Advances in high-throughput technologies allow for measurements of many types of omics data, yet the meaningful integration of several different data types remains a significant challenge. Another important and difficult problem is the discovery of molecular disease subtypes characterized by relevant clinical differences, such as survival. Here we present a novel approach, called Perturbation clustering for data INtegration and disease Subtyping (PINS), which is able to address both challenges. The method is based on the observation that small changes in quantitative assays will be inherently present between individuals, even in a homogeneous population. Therefore, if distinct molecular subtypes do exist, they must be stable with respect to small changes in quantitative assays. In order to discover reliable subtypes from molecular data, we estimate how often each pair of patients is grouped together in the following scenarios: i) when the data are perturbed (by adding Gaussian noise), ii) when using different data types, and iii) when using different clustering techniques. We then partition patients into subgroups that are strongly connected in all scenarios.

Figure 1: Data integration and disease subtyping illustrated on the kidney renal clear cell carcinoma (KIRC) dataset. (a–b) The input consists of three matrices that have the same set of patients but different sets of measurements. (c) The optimal connectivity between the samples for each data type.

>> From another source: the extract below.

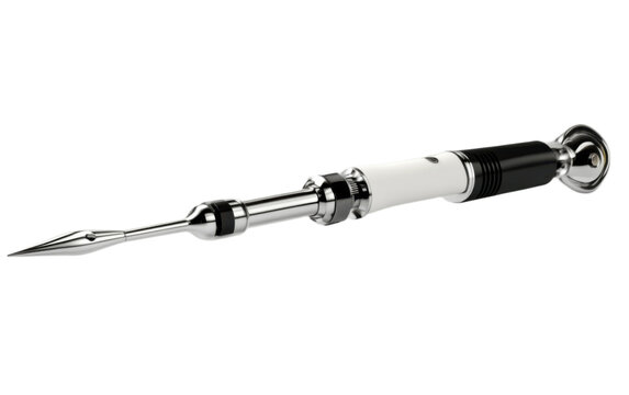 A veterinary surgeon starts an arthroscopy operation on a dog's knee. The surgeon cuts the skin on the dog's knee to insert the arthroscope into the cavity of the knee joint. Dog arthroscopy concept.

Group 1 is further split into two subgroups in stage II. (d) Kaplan-Meier survival curves of 4 subtypes after Stage II splitting of group 1. The survival analysis indicates that the 4 groups discovered after Stage II have significantly different survival profiles (Cox p-value 6e-5).


PINSPlus optimizes two algorithms of PINS (Nguyen et al., 2017; Nguyen, 2017): (i) PerturbationClustering() to cluster a single data type and SubtypingOmicsData() to integrate omics data. The algorithms calculate the difference between the original and the perturbed connectivity matrices and computes the empirical cumulative distribution functions of the difference matrix (CDF-DM). The area under the CDF-DM curve AUCk is used to assess the stability of the partitioning. Howerver, the AUC values tend to converge after a certain number of iterations, which means that at some point, additional iterations are not necessary. Therefore, PINSPlus makes use of this advantage in order to determine an early stopping point for the perturbation clustering. In addition, PINSPlus makes use of multi-core processing to speed up the perturbation processing. PINSPlus implements multi-core feature in a way such that the result is stable regardless of the number of cores being used.

Figure 2: AUC values after each iteration in perturbation processing for KIRC dataset. Each line indicates AUC values for each k from2 to 5. The ▲ symbols indicate the early stop point for each k in PINSPlus.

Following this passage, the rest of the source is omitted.